Nul ne pourrait présenter les titres de Madame Sotomayor à faire partie de cette cour avec autant
d’éloquence que le président Obama lorsqu’il a annoncé en 2009 sa décision d’en faire la troisième
femme, dans toute l’histoire américaine, à y siéger et la première personne d’origine latino : « an inspiring
woman ».
Il recherchait d’abord, a-t-il dit, une femme dotée d’une grande rigueur intellectuelle et d’une maîtrise
parfaite de la science juridique, conditions que Madame Sotomayor remplissait avec éclat : après des
études exceptionnellement brillantes dans les universités les plus prestigieuses (Princeton, où elle a
obtenu son diplôme summa cum laude, la faculté de droit de Yale, où elle a participé à la direction du
célèbre Yale Law Journal), elle a exercé des fonctions de procureur, puis la profession d’avocat dans
un grand cabinet new-yorkais. En 1991, elle a été nommée juge dans un tribunal fédéral de première
instance par le président George Bush, puis en 1997 par le président Clinton à la Cour d’appel fédérale de
New York, où la qualité de ses décisions ou de ses opinions dissidentes a été unanimement saluée.
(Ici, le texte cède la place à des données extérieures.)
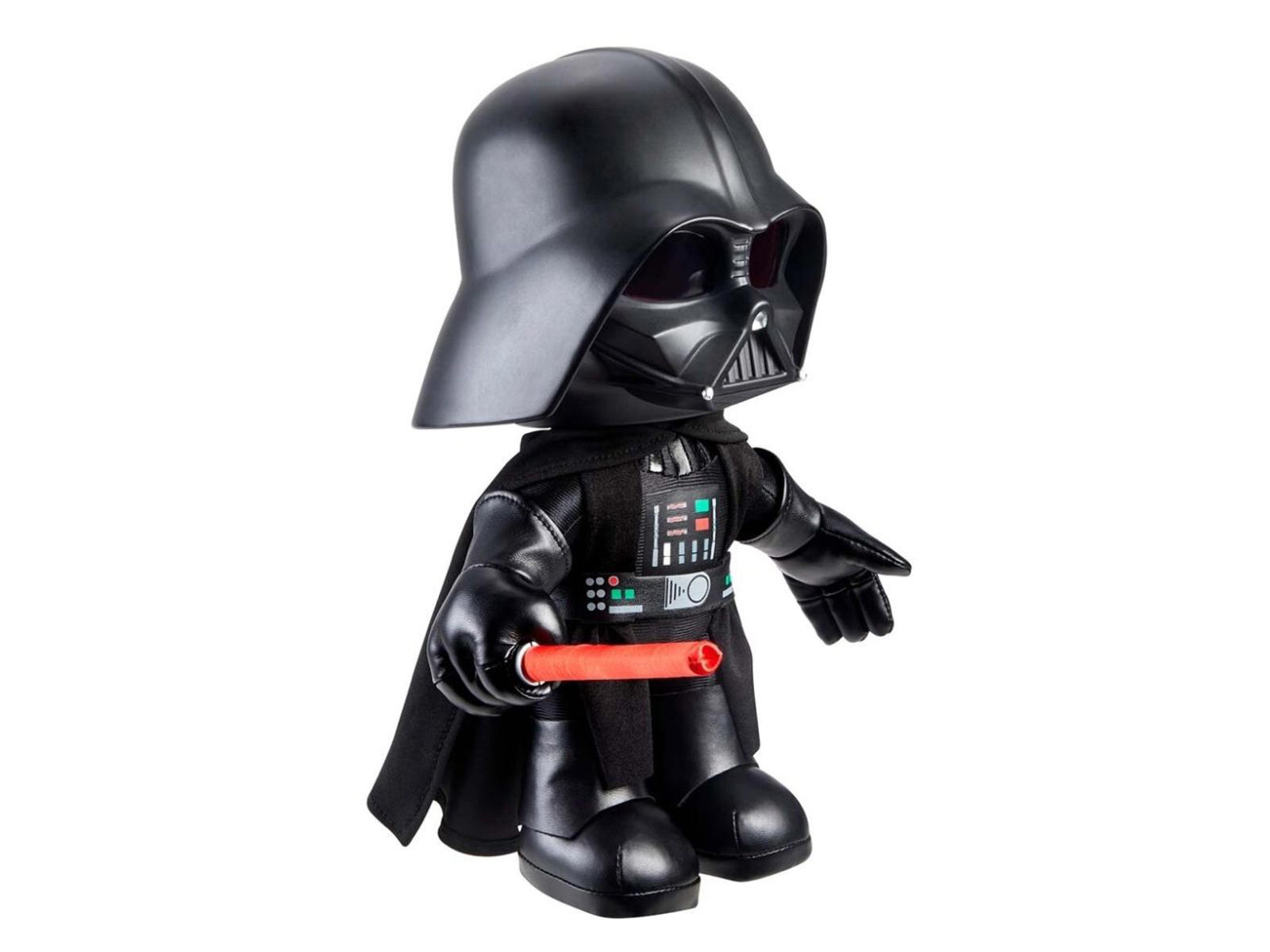 Star Wars™-fans kan slutte sig til den mørke side med Darth Vader™-plysfiguren med stemmeforvrænger og en lysende lightsaber™ for at fejre den onde Sith Lord™, der medvirker i Obi-Wan Kenobi™-serien på Disney+. Tryk den bløde dukkes hånd for at tænde hans røde lyssværd og aktivere stemmeforvrængeren. Når det er tid til at give ordrer til imperiets tropper, vil stemmeforvrængeren forvandle enhver stemme til en Vader-lignende befaling. Denne superbløde version af galaksens mest frygtede skurk er ca. 28 cm høj og har et ikonisk look, der er designet med tekstil af høj kvalitet og en detaljeret plastikhjelm, så den er autentisk at se på og røre ved. Darth Vader™-plysfiguren er en fantastisk gave til fans og samlere i alle aldre. Farver og mønstre kan afvige fra det viste. Fra 3 år. Batterier (3xLR44). inkl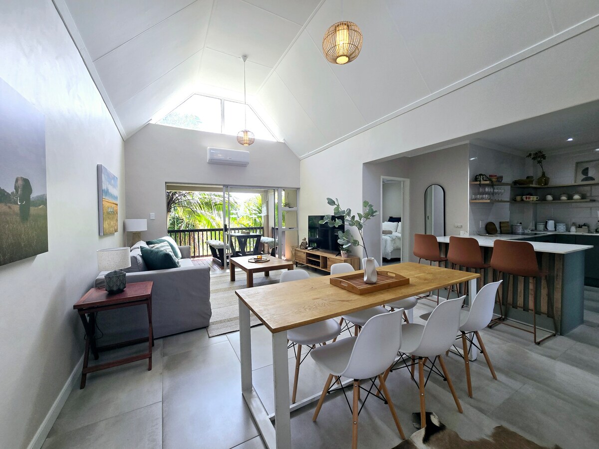 Un apartamento independiente bien equipado. El dormitorio principal tiene una cama tamaño king, que se puede convertir en dos camas individuales y el salón tiene una litera individual. Baño privado con ducha. El dormitorio tiene ventilador de techo y la sala de estar tiene ventilador de techo y aire acondicionado (medidor). Hay una pequeña zona exterior con un juego de jardín. Braai disponible previa solicitud. Ashley es una guía que trabaja dentro de la industria turística de Santa Lucía y puede ofrecer excelentes conocimientos y consejos sobre la zona.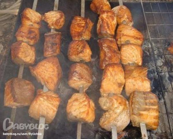 Рецепты диеты:)Семгу (1кг) нарезать кусочками 5*5*5см, слегка посолить, поперчить по вкусу, добваить лимонный сок и цедру одного лимона, выдержать на холоде 2-3 часа. Зажарить, нанизав кусрчки рыбы на шампуры. Подавать с зелеными салатами.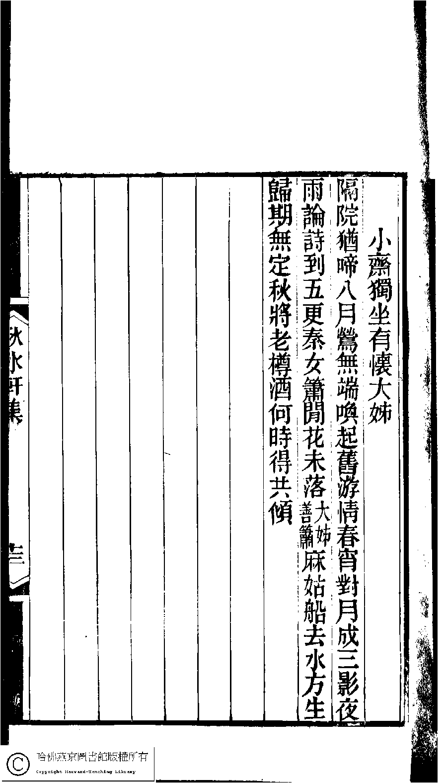 | (PRINT FRIENDLY VERSION) 林下雅音集﹕五種(淸冒俊輯) : 秋水軒詩詞集: 一卷。淸光緖十年(1884)刻本。 ![]() Page : 13b | click for larger image | 林下雅音集﹕五種(淸冒俊輯) : 秋水軒詩詞集: 一卷。淸光緖十年(1884)刻本。![]() Page : 13a | click for larger image | Back |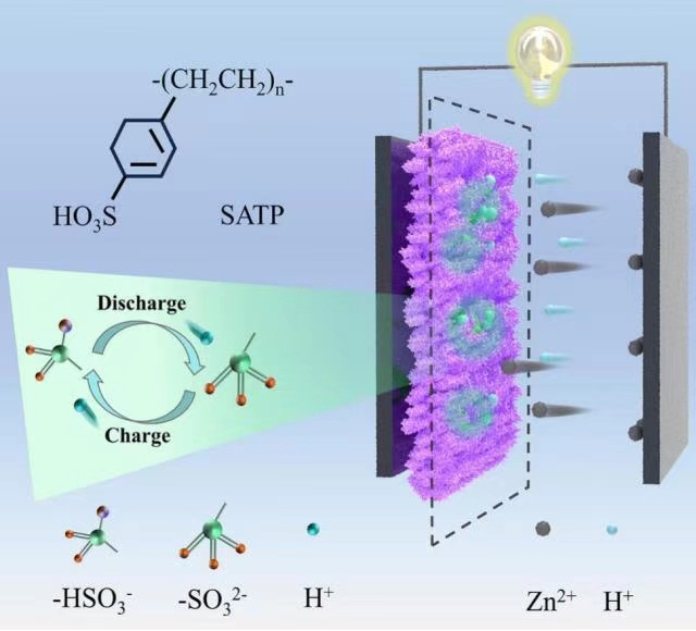 催化领域中的固体酸可以通过固相反应将质子反应限制在固体酸表面。将其与二氧化锰复合,不仅为二氧化锰反应提供质子,还可以将质子反应限制在固体酸和二氧化锰界面,减少电解液质子消耗。近日,环境与材料工程学院姜付义教授团队在自然指数期刊Advanced Functional Materials(IF:19)上发表题为《Proton Self-Limiting Effect of Solid Acids Boosts Electrochemical Performance of Zinc-ion Batteries》的学术论文。该工作选取了工业催化中常用的固体酸磺酸型聚苯乙烯-二乙烯基苯(SATP),通过一步水热法合成了SATP/MnO2混合物,并组装了Zn//SATP/MnO2电池。电化学测试结果表明,SATP的引入显著提高了锌锰电池的倍率性能和循环稳定性。通过原位pH、原位X射线粉末衍射、非原位XPS、高分辨透射电子显微镜、扫描电子显微镜等手段,研究了SATP对二氧化锰反应机制的影响,结果表明,SATP可以作为一种新的质子源,为二氧化锰反应提供和吸收质子,并且将部分质子反应限制在SATP/MnO2界面处,从而提高了放电阶段MnO2的溶解、减少碱式硫酸锌的生成、加快了MnO2的电化学反应动力学。该工作为研发高性能水系Zn-MnO2电池提供了一种新的思路。
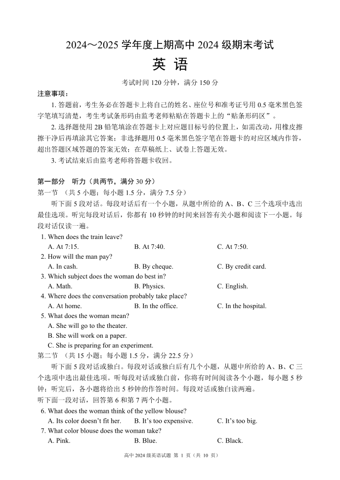 四川省成都市蓉城名校联盟2024-2025学年高一上学期期末考试英语

Nous
n’oublions pas qu’elle a aussi tenu à maintenir un lien avec l’université et qu’elle a enseigné dans deux des
meilleures facultés de droit des États-Unis, Columbia et NYU.
Il fallait ensuite, dit le président Obama, une capacité à reconnaître que le rôle du juge est d’être neutre
et impartial, d’appliquer le droit, pas de le créer, mais il fallait aussi une troisième qualité, une expérience
de la vie qui procure empathie et compassion pour les faibles. Il aurait pu ajouter une quatrième qualité :
la capacité à concilier neutralité et compassion pour les faibles. L’expérience de la vie, qui procure
l’empathie, Madame Sotomayor l’a puisée dans ses origines. Ses parents sont venus de Porto Rico
pendant la Seconde guerre mondiale. Elle a vécu et grandi dans un quartier pauvre du Bronx dans cette
culture hispanique si chaleureuse à laquelle elle est restée profondément attachée. Très jeune, elle a
perdu son père qui était ouvrier d’usine. Sa mère l’a élevée seule en lui inculquant les plus hautes valeurs
américaines : l’idée que tout est possible grâce à l’éducation et l’effort individuel. Comme les autres
personnalités dont la présence nous honore aujourd’hui, Sonia Sotomayor a construit sa carrière et sa
vie autour de la défense des faibles et des opprimés.
Elle a souvent eu l’occasion de dire que c’est dans son expérience de femme latino-américaine qu’elle
puisait l’espoir de rendre de meilleures décisions, « a wise latina ». Cette phrase lui a été parfois
reprochée, mais à tort. Elle a été prononcée dans des discours destinés à encourager les étudiants issus
de minorités à s’engager dans des carrières de juristes. Elle ne signifie pas qu’une juge devrait se départir
de sa neutralité et favoriser les opprimés, mais que si l’art du juge est d’appliquer le droit à des situations
concrètes, il est évidemment préférable de connaître et de comprendre ces situations.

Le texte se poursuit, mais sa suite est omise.